Он понимал, что ведет себя глупо, и ему было стыдно. Ведь такие инциденты в порядке вещей: не держать же девочку все время наверху, в детской, когда она, по словам жены, день ото дня становится все более «самостоятельным человеком».
Эди было два с половиной года, и сегодня, например, ее пригласили на детский праздник. Эту новость Джон узнал по телефону от жены, Эдит-старшей, а дочка в подтверждение неожиданно громко крикнула ему в левое ухо: «Я пойду на праздник».
— Милый, как вернешься, загляни к Марки, ладно? — продолжала жена. — Тебе будет интересно. Я наряжу Эди в новое розовое платье…
В трубке послышался треск, и все смолкло: очевидно, телефон сдернули на пол. Джон рассмеялся и решил уехать с работы пораньше: мысль о детском празднике, к тому же не у себя дома, показалась ему забавной.
«Вот будет светопреставление! — весело думал он. — Десяток мамаш, и каждая только и видит, что своего ребенка. Малыши бьют посуду, набрасываются на торт, а мамы возвращаются домой в полной уверенности, что остальным детям все-таки далеко до их собственных».
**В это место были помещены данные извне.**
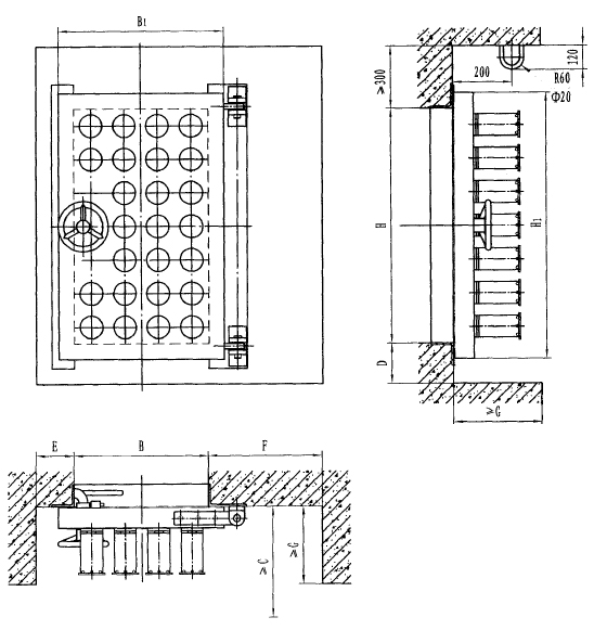 | 型號 | 風量(m3/h) | 門孔尺寸HXB(mm) | 門扇尺寸H1XB1 | 膠管數(shù)N | 門扇質量(kg) | 活門質量(kg) | 擴散室最小尺寸(高x寬x長)(m) | 土建尺寸D(mm) | 土建尺寸E(mm) | 土建尺寸F(mm) | 土建尺寸G(mm) | 門扇開啟最小尺寸C(mm) |
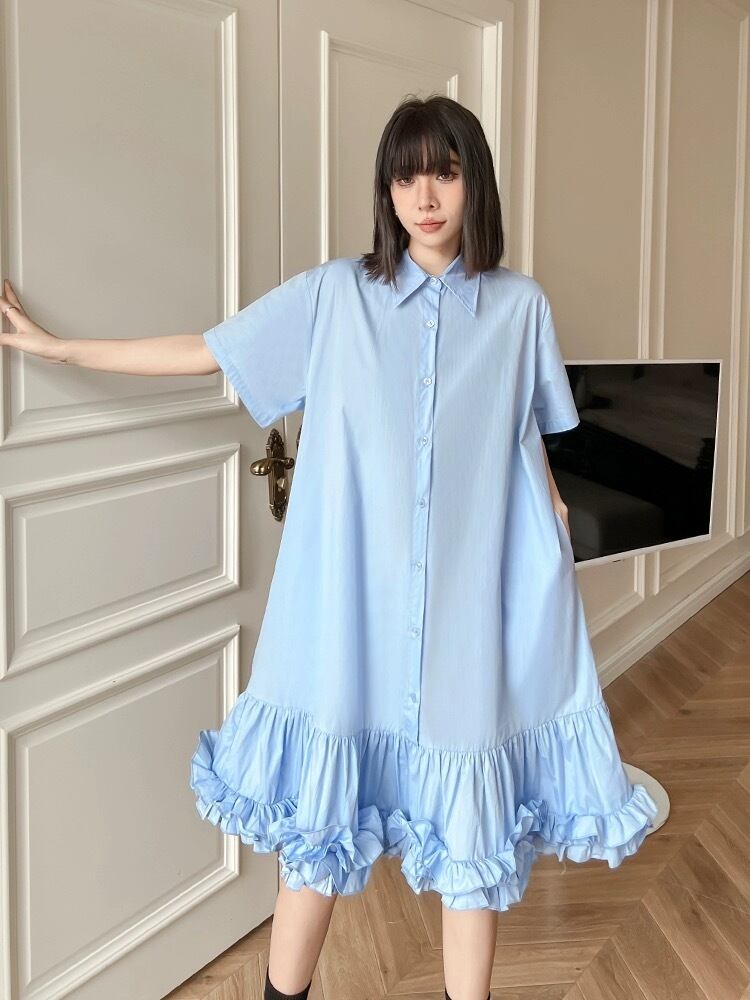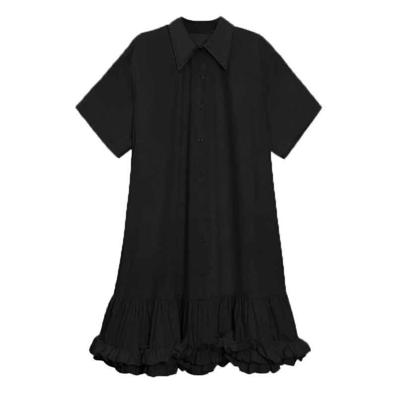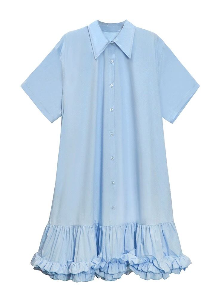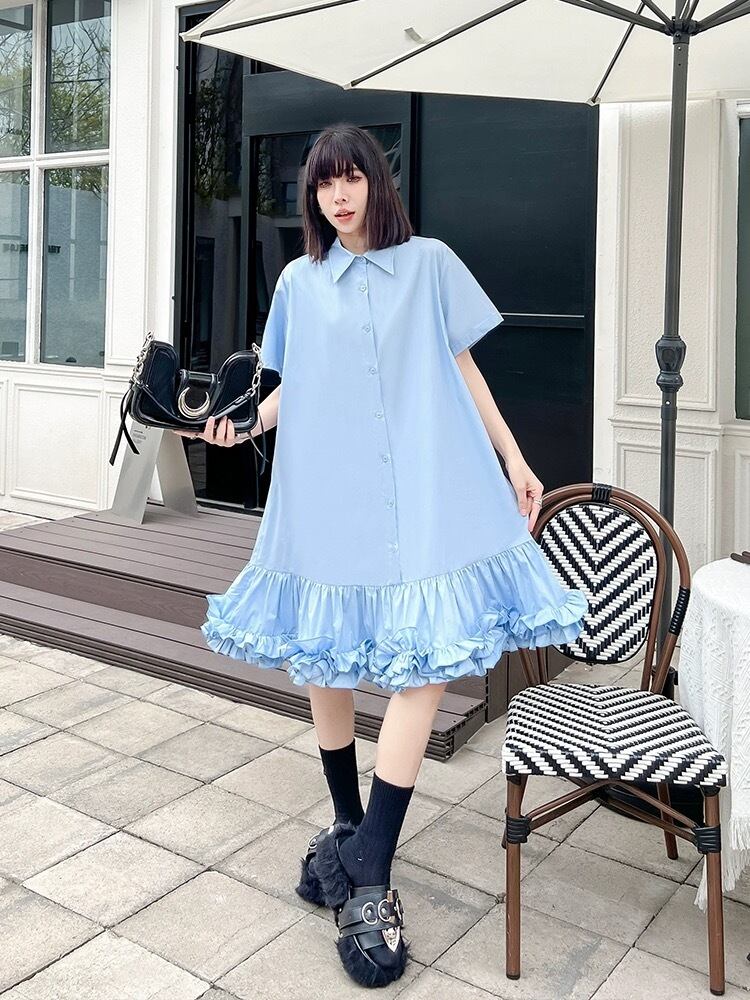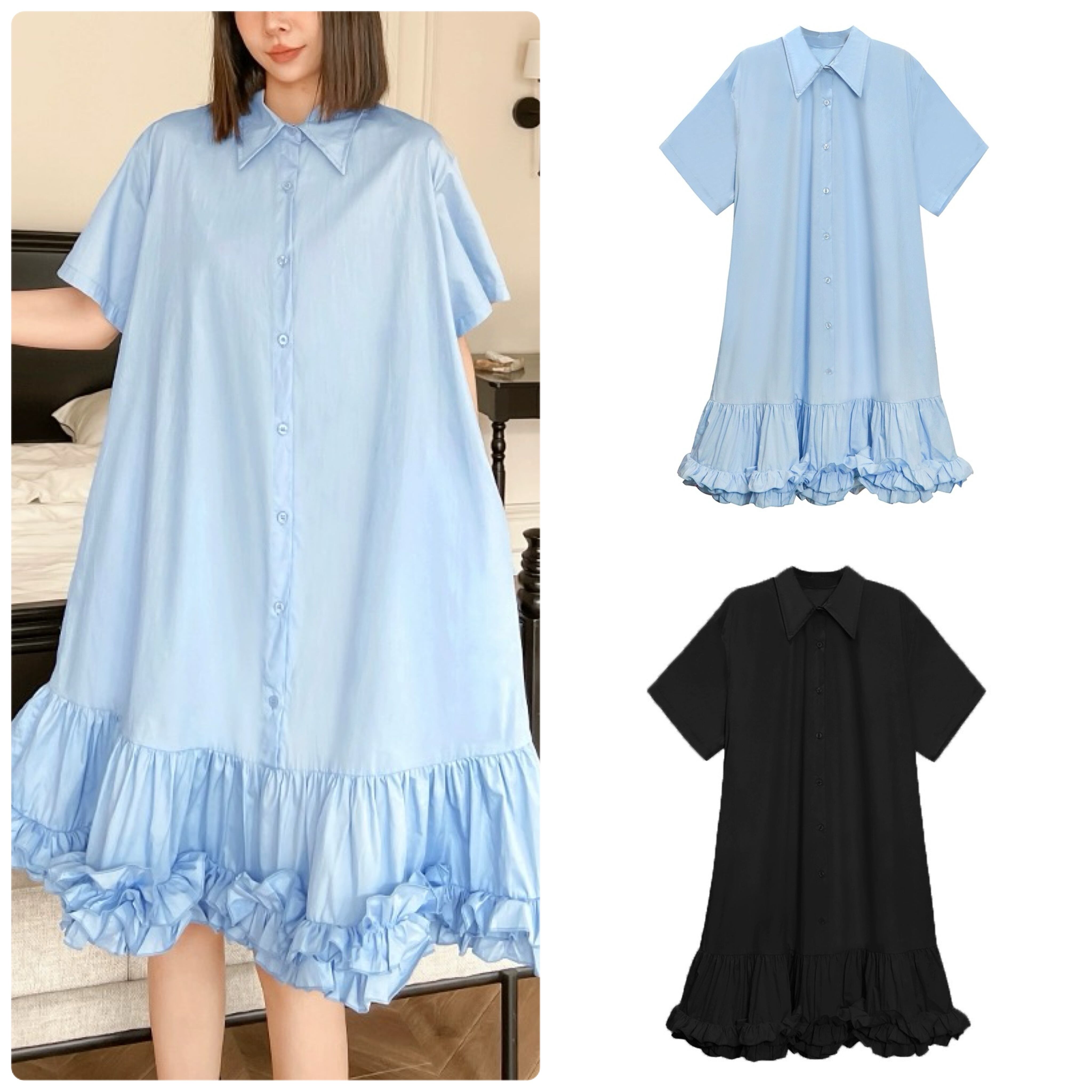 カジュアル ブラウス ワンピース 水色 黒 シャツ ゆったり
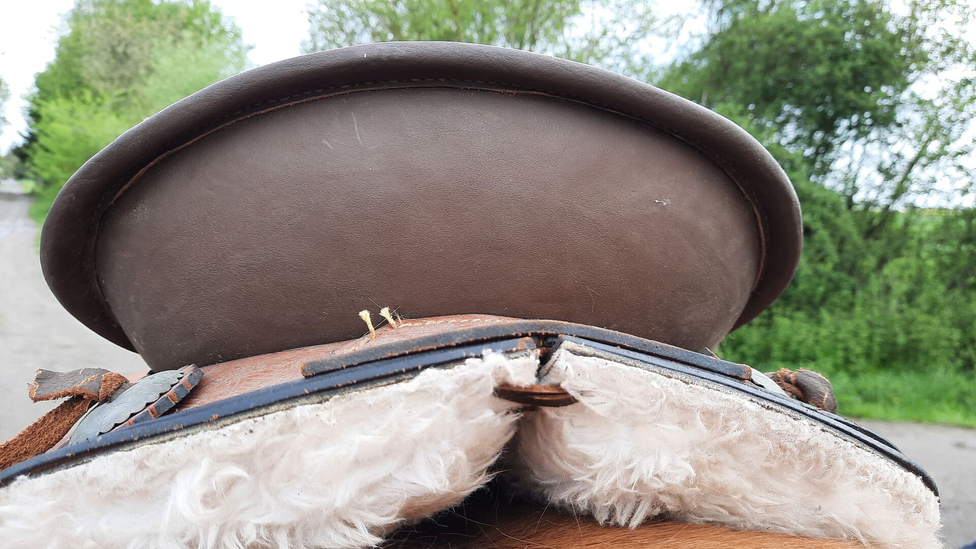 Siodło: gładka skóra z oznakowaniem (błotnik oraz przednia i tylna łękawica ze srebrnymi okuciami). Zdjęcia)
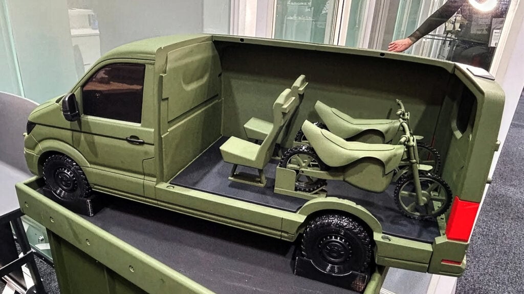 På mässan var flaket anpassat för att rymma en fyrhjuling med punkteringssäkra däck, tänkt att användas av specialförband, och utrustningsväskor.
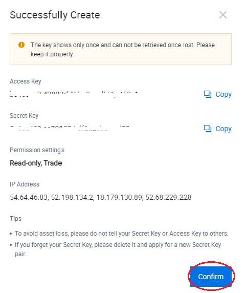 [Permission settings (Multiple choice)] Check [Read-only] and [Trade].
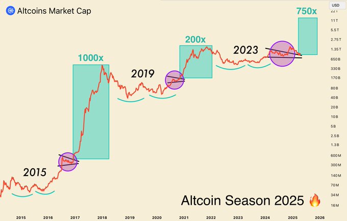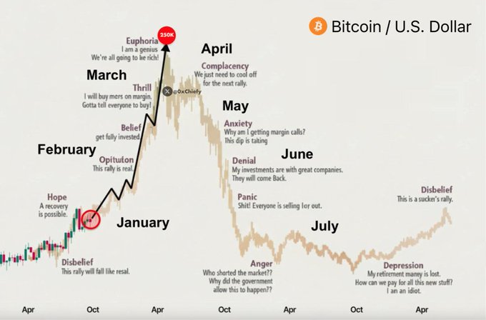 2026년 불장 패턴: 1월 – 누적 2월 – 비트코인 랠리 3월 – Altseason 4월 – 비트코인 25만 개 5월 – 불트랩 6월 – 대규모 재고 정리 7월 – 약세장 이 페이지를 즐겨찾기에 추가하고 6개월 후에 다시 확인하세요 🔖
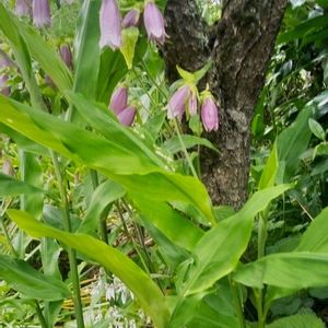 こんばんわー。 今朝は寒かった😱 昨日より気温が高いが、洗濯物がスッキリ乾かなかった😆 白のホタルブクロが一輪の場所は茗荷谷の葉が沢山。 投稿の写真はホタルブクロが主役?だね
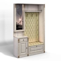 Прихожая выполнена в классическом стиле с декоративными элементами. Фасады и декоративные элементы патинированы, патина наносится вручную, по классической итальянской технологии и защищена матовым лаком. Мягкие элементы (вешалка и сиденье) выполнены из экокожи, декорированы каретной стяжкой.
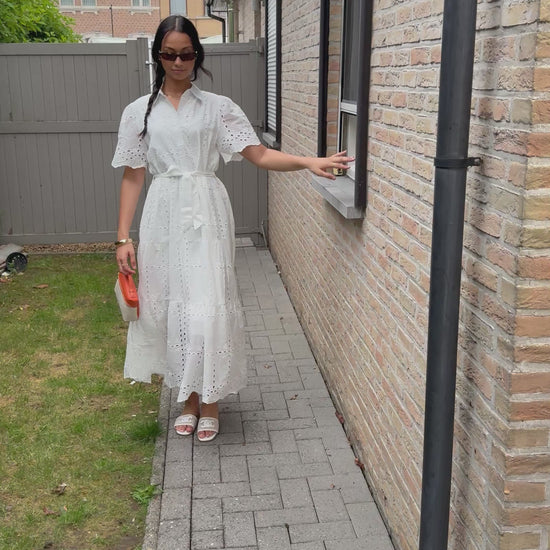 Apportez une touche de fraîcheur et d’élégance à votre garde-robe estivale avec cette robe longue blanche en broderie anglaise. Confectionnée dans un tissu 100 % coton léger et aéré, elle est parfaite pour les journées ensoleillées.
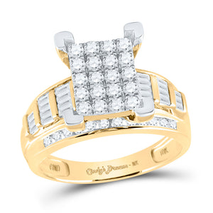10kt Yellow Gold Round Diamond Cluster Bridal Wedding Engagement Ring 7/8 Cttw
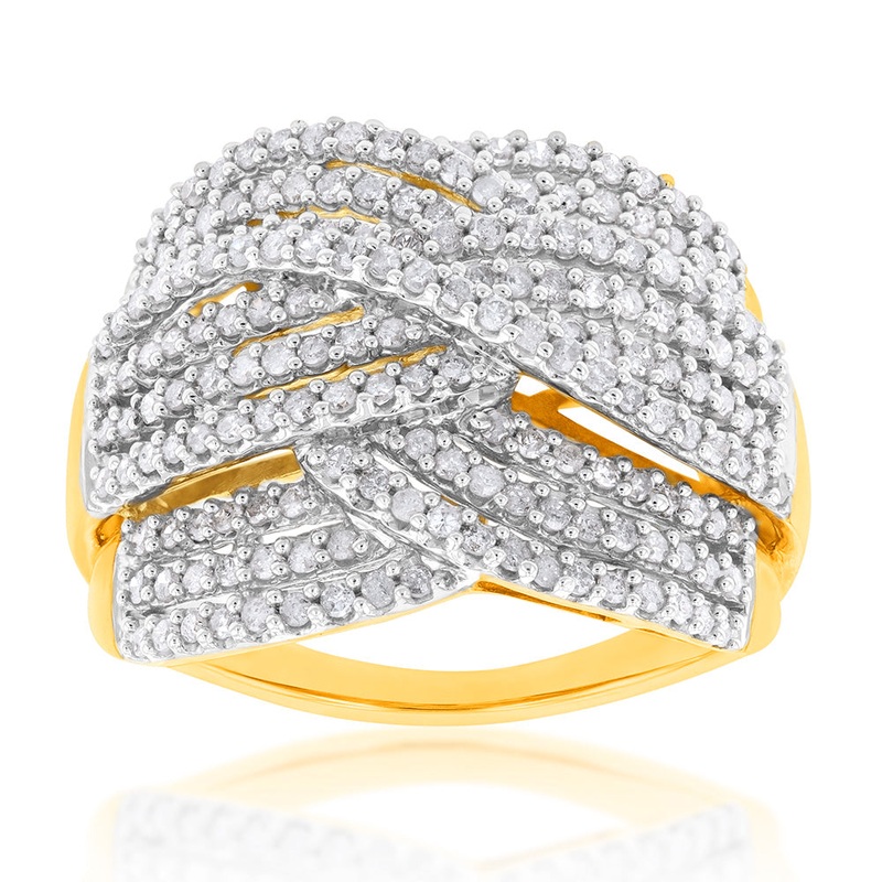 Enhance your outfit with this stunning 10ct Yellow Gold 1 Carat Diamond Cross Over Ring. This ring turns special moments into forever memories, boasting a stunning cross-over design of 1 carat diamonds. The ring band exudes a welcoming gold hue, inviting attention to the ring. An everyday accessory for a hint of brilliance, this ring is the epitome of beauty.

У него сегодня было прекрасное настроение — никогда еще все в жизни так хорошо не складывалось. Он сошел на своей станции, отмахнулся от навязчивого таксиста и в холодных декабрьских сумерках зашагал по дороге, отлого поднимавшейся к его дому. Было только шесть, но луна уже горделиво сияла в небе, серебря сахаристый снежок на газонах.
Он шел, полной грудью вдыхая морозный воздух, его радость с каждым шагом ширилась, а детский праздник все больше занимал воображение. Джон пытался представить себе Эди среди ее сверстников, да и это взрослое розовое платье, думал он, видимо, преобразит ее. Он прибавил шагу, прошел мимо своего дома, в окне которого все еще цвела мерцающими шарами осыпавшаяся рождественская елка, и свернул на соседнюю дорожку. Марки жили в доме рядом.
Когда он уже поднялся по кирпичным ступенькам и позвонил, он услышал голоса и обрадовался, что не опоздал. Затем вскинул голову и прислушался: голоса были не детские — в доме говорили по меньшей мере трое, говорили громко, сердито, и один из голосов, сорвавшийся сейчас в истерическом всхлипе, явно принадлежал его жене.
«Что-то стряслось», — мелькнуло у него в голове. Джон толкнул дверь, она оказалась незапертой, и он вошел.
Гостей пригласили на половину пятого, но Эдит Эндрос, мудро рассудив, что впечатление от нового платья будет сильнее, когда наряды других детей уже помнутся, решила прийти с дочерью в пять. Они застали праздник в самом разгаре. Четыре маленькие девочки и девять мальчиков, вымытые, завитые и разодетые со всем старанием, на какое способно гордое и ревнивое материнское сердце, танцевали под патефон. Правда, одновременно танцевали всего два-три малыша, но поскольку остальные сновали взад и вперед, бегая к мамам за одобрением, казалось, что танцуют сразу все.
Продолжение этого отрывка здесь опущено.